• _Recorded data_:

Content starts

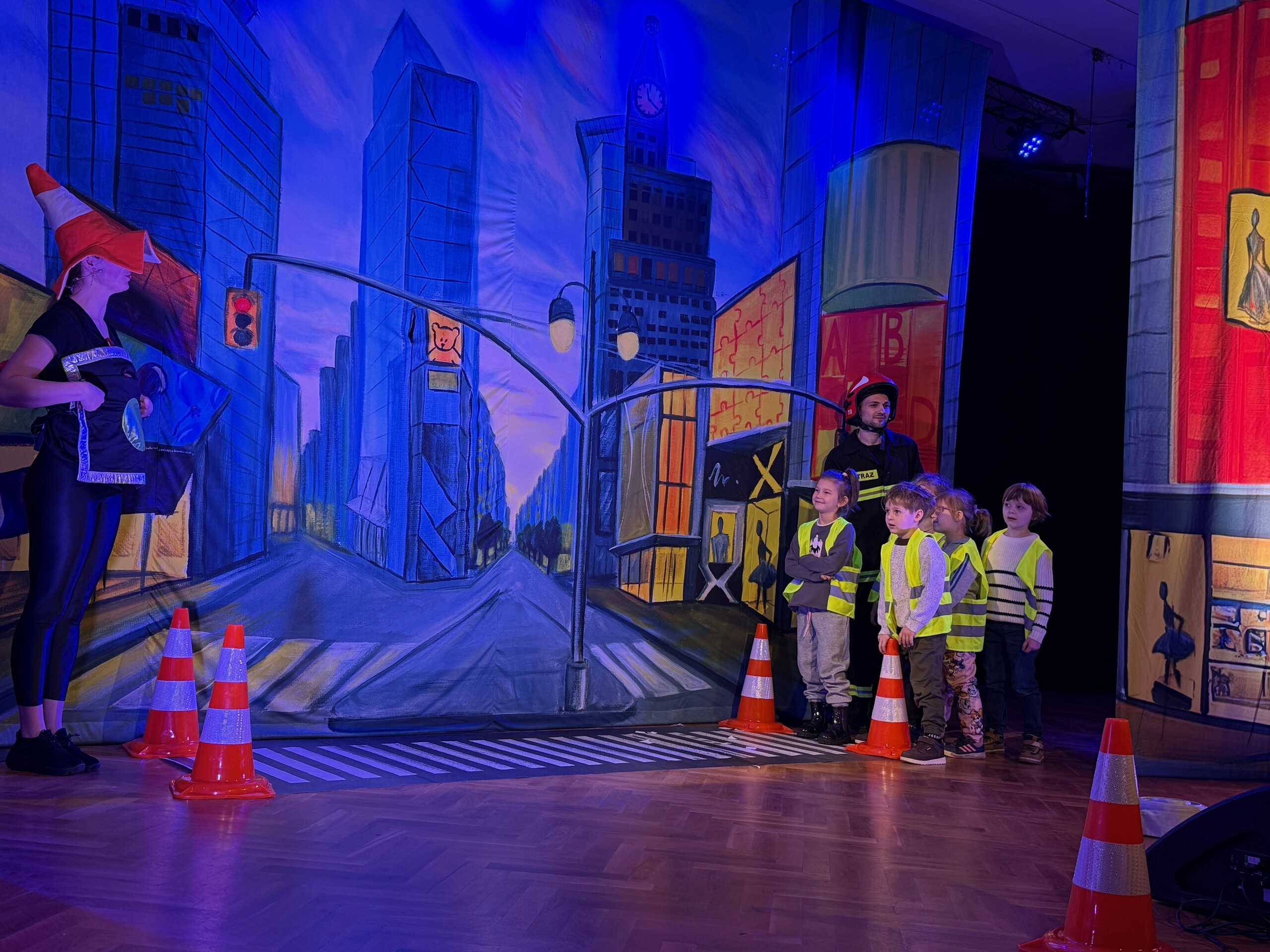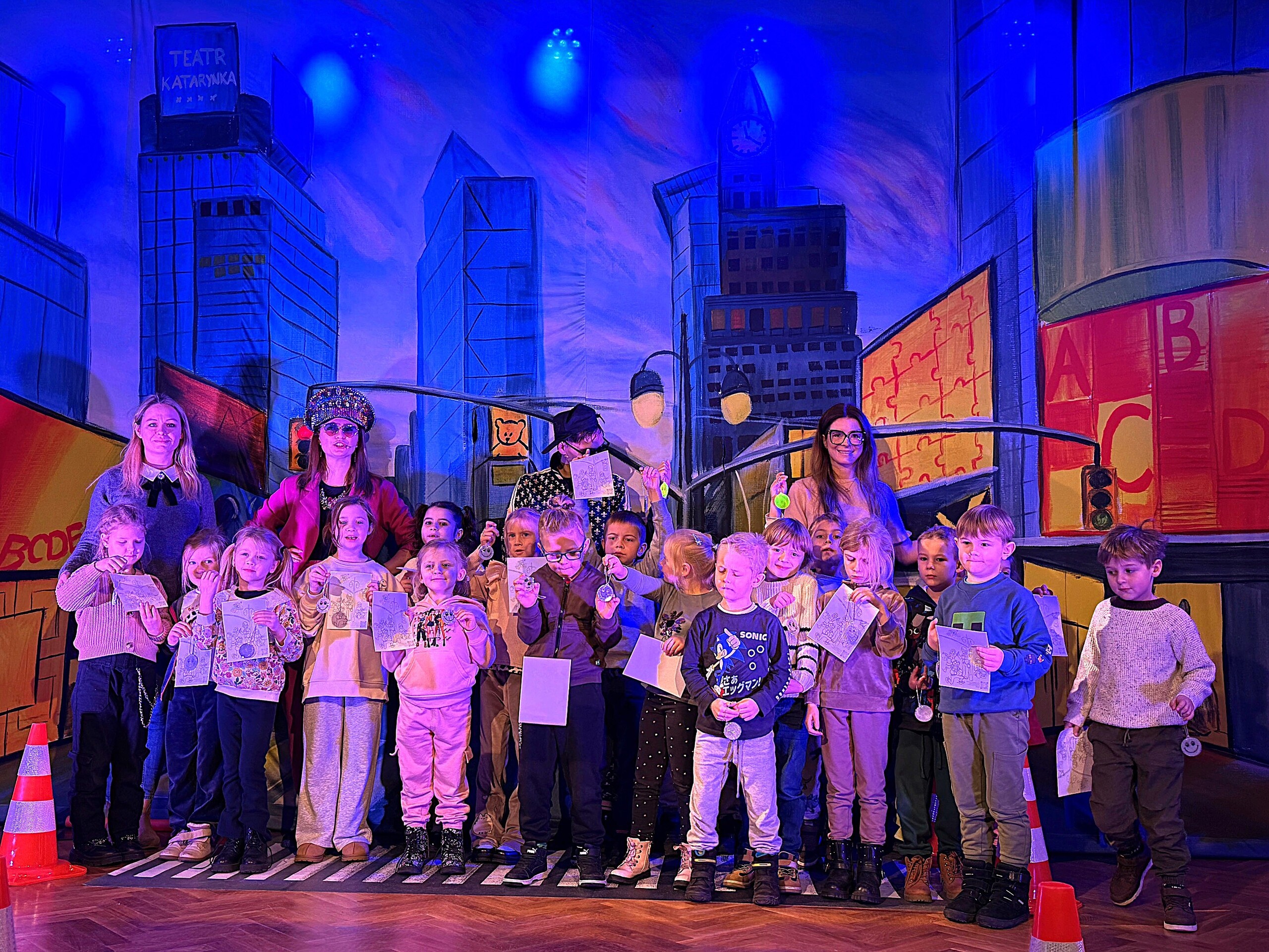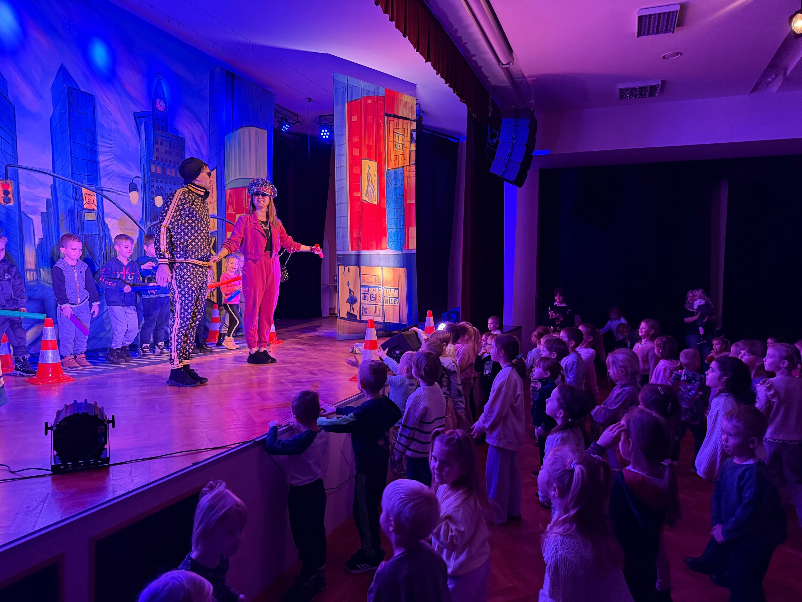 18 listopada nasze przedszkolaki wzięły udział w przedstawieniu pt. "Miejska dżungla" w ramach programu Drogowskaz, który odbył się w Gminnym Ośrodku Kultury i Sportu w Wicku. W świat bezpiecznych zachowań drogowych wprowadzili przedszkolaki aktorzy z teatru Katarynka.
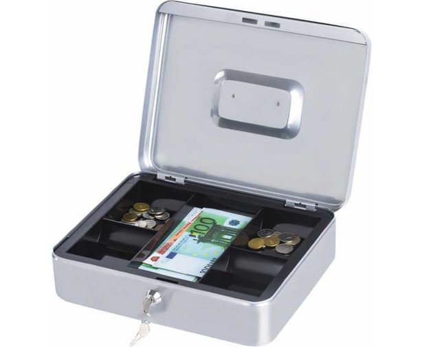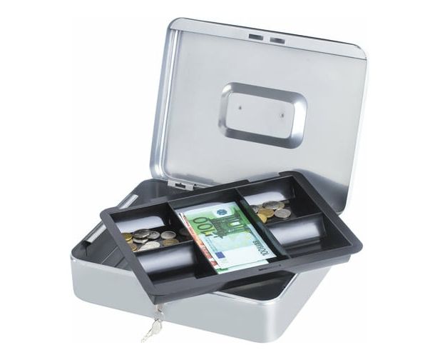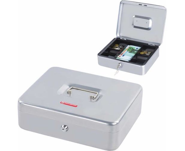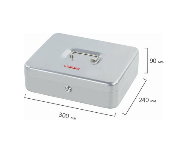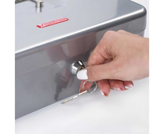 Ящик для денег BRAUBERG 291060 90х240х300мм, ключевой замок, серебристый
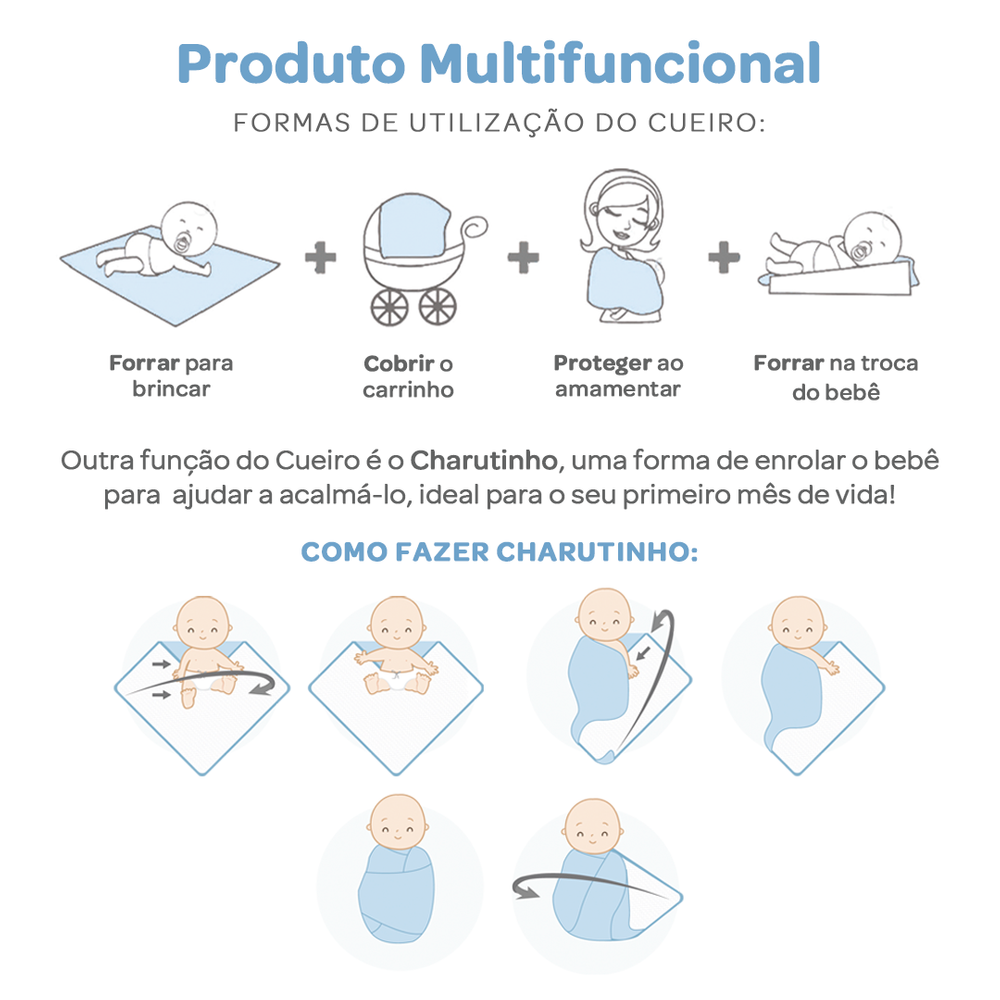• Pode ser usado para enrolar o bebê em forma de charutinho e acalmá-lo.

Content ends

• _Problem to solve_: All of the listing above must be output exactly, except for its pictures.

• _Result of the exercise_:
 18 listopada nasze przedszkolaki wzięły udział w przedstawieniu pt. "Miejska dżungla" w ramach programu Drogowskaz, który odbył się w Gminnym Ośrodku Kultury i Sportu w Wicku. W świat bezpiecznych zachowań drogowych wprowadzili przedszkolaki aktorzy z teatru Katarynka.
 Ящик для денег BRAUBERG 291060 90х240х300мм, ключевой замок, серебристый
• Pode ser usado para enrolar o bebê em forma de charutinho e acalmá-lo.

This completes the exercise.